At the same time, public access remains uneven. The source states that ChatGPT and Anthropic’s Claude have not yet implemented a public video input feature for their models, possibly because processing the extra tokens from tokenized video is relatively computationally expensive.

The Cost Question

Willison’s result is notable because it suggests that this capability may become practical for routine work. A task that once required manual entry or custom scraping code could be handled through a short recording and a prompt.

For now, the economics are shaped by company subsidies. The source says Google is heavily subsidizing user AI costs through Search revenue and data centers. It also notes that OpenAI is subsidizing too, with investor dollars and help from Microsoft.
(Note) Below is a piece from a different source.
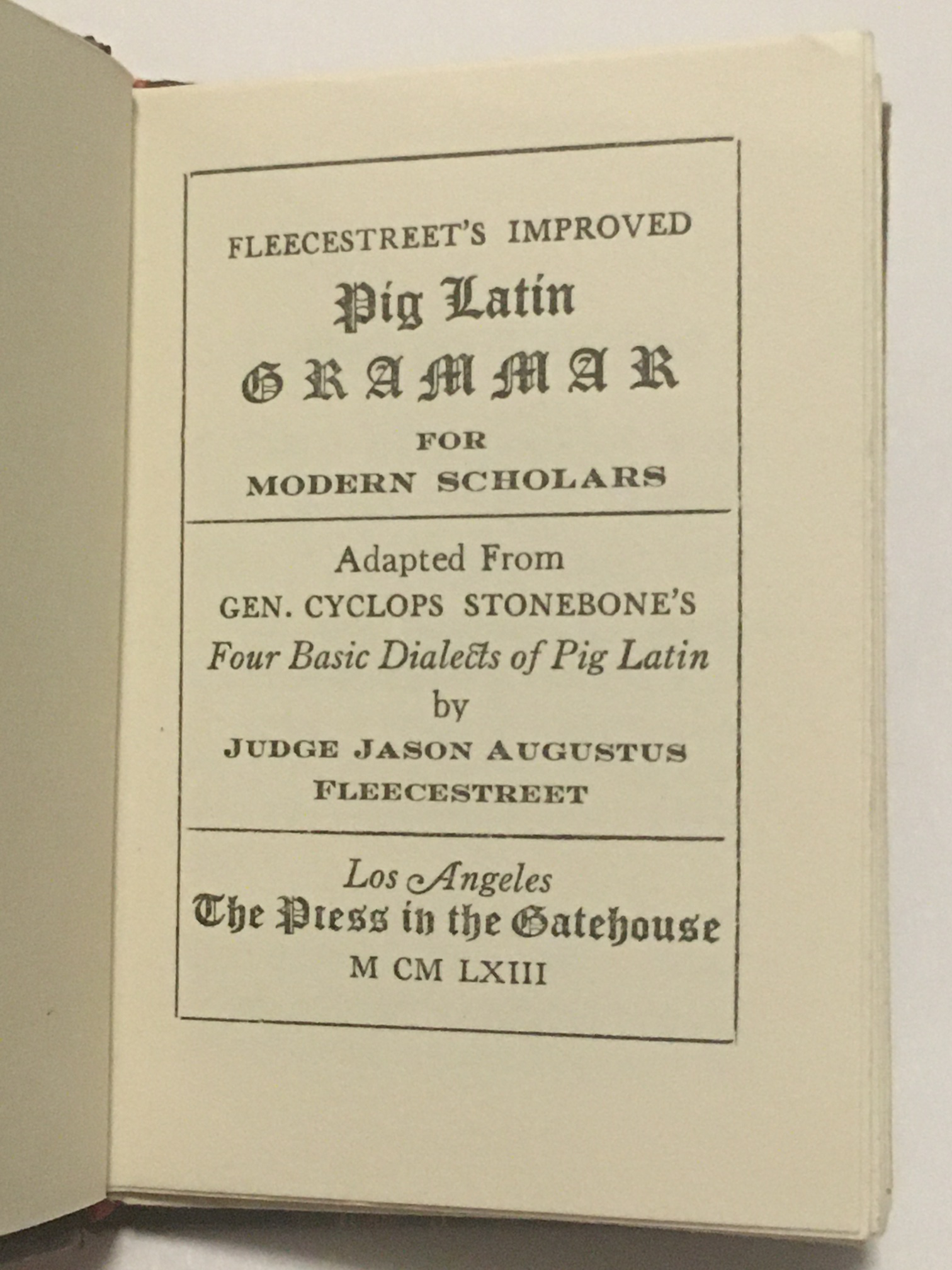 "Fleecestreet's Improved | PIG LATIN | GRAMMAR | for Modern Scholars | Adapted From | Gen. Cyclops Stonebone's | Four Basic Dialects of Pig Latin | by | Judge Jason Augustus | Fleecestreet | Los Angeles | The Press in the Gatehouse | M CM LXIII"
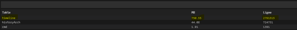 j’ai essayé de vider la table timeline via la commande TRUNCATE Table Timeline.

The broader trend described in the source is that AI compute costs are dropping, which could make these capabilities available to more users over time. If that continues, video scraping may become less like a novelty and more like a standard way to move information from screens into usable formats.

Privacy Depends On Control

The same capability that makes video scraping useful also creates risk. If an AI system can see a screen, it can potentially capture sensitive behavior and private information.

The source contrasts Willison’s controlled experiment with systems that continuously record activity. Apps such as Rewind AI on the Mac and Microsoft’s Recall, which is being built into Windows 11, feed on-screen video into an AI model and store extracted data in a database for later recall.

That approach can create privacy concerns because it records everything a person does on a machine and collects it in one place that could later be hacked.

Willison’s approach is different because he chooses what to record and when to upload it. Even though his current method involves sending the video to Google for processing, the decision about exposure remains with him.

He summarized the benefit this way: “The great thing about this video scraping technique is that it works with anything that you can see on your screen… and it puts you in total control of what you end up exposing to the AI model.”

That control may become the dividing line for future screen-aware AI tools. The useful version helps people extract data from what they deliberately show it. The risky version watches broadly, stores too much, and turns everyday computer use into a searchable record.